A dental bridge is a method of replacing one or more lost teeth. People often use the word bridge to indicate a removable tooth replacement option, but dentists have a different opinion. Dental professionals consider bridges as a device that attaches to the teeth permanently and is not removable — at least not by patients. There are different bridge options in terms of design and material, all of which serve the same purpose.
An overview of dental bridges
In every type of dental bridge, the replacement tooth is known as the pontic. The pontic provides tooth functions and attaches to underlying support through retainers or abutments (the structure varies based on the type of dental bridge). Every bridge needs adjacent structures for support, and the pontic lies on top of the gum tissue. Some of the dental bridge options available include the below.
The traditional bridge is the most popular type of bridge. It uses dental crowns to cover the teeth on the two sides of the gap. The pontic attaches to the abutment crowns so that the bridge becomes a large unit. The number of pontic depends on the number of missing teeth; together with the retainer crowns, the traditional bridge for a single missing tooth is a three-unit setup.

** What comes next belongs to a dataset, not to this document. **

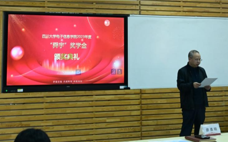 2023年11月22日下午2点20分,365英国上市集团“舜宇”奖学金颁奖典礼在望江校区基础教学楼A座308教室顺利举办。此次颁奖典礼由电子信息公司党委副书记廖勇明主持,舜宇集团有限公司人力资源部部长姜淑飘女士、舜宇集团有限公司校园招聘经理孙佳阳先生、365英国上市集团副经理张启灿教授出席颁奖典礼。参加本次活动的还有365英国上市集团员工科长谢明老师,团委副书记何阳老师,公司研分会成员,所有获奖同学,2022级、2023级硕士研究生代表。
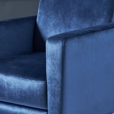 - Your choice of a cobalt, eggplant, or emerald poly velvet fabric upholstery

Traditional bridges should only be used for one or two missing teeth. The strength of the bridge depends on the supporting structures (root and gum) of the abutment teeth.
A cantilever bridge utilizes one abutment tooth on one side of the gap. This means the pontic has only one attachment to a healthy tooth. The strongest tooth near the area gets a dental crown and provides the support needed. This option works better for small teeth that experience minimal chewing forces.
Possible flexing is one of the drawbacks of cantilever bridges. There are rare cases where the cantilever bridge survives several years of use. In most cases, the flexing and chewing forces acceptable by the structure of the cantilever eventually displace the bridge or damage the supporting retainer tooth.
This is a variation of the traditional bridge. It uses small wings to hold the pontic, instead of complete dental crowns. The wings lie on the biting surface of the nearby teeth and fixed with dental cement. They are effective options for replacing one front tooth and are highly conservative. They require minimal or zero removal of healthy tooth structure.
Maryland bridges are not suitable for back teeth since the heavy chewing forces can dislodge them. If they are used, it is usually a temporary solution. The drawback of this bridge is the risk of debonding and falling out. Since they are mostly used for front teeth, it can lead to an embarrassing situation.
An implant-supported bridge is like a regular bridge but uses dental implants for support, instead of adjacent teeth. It is an excellent choice for those who have lost multiple teeth since only two implants can support a bridge with four or more pontics. The main benefit is that they have a lower failure rate and provide better support for chewing.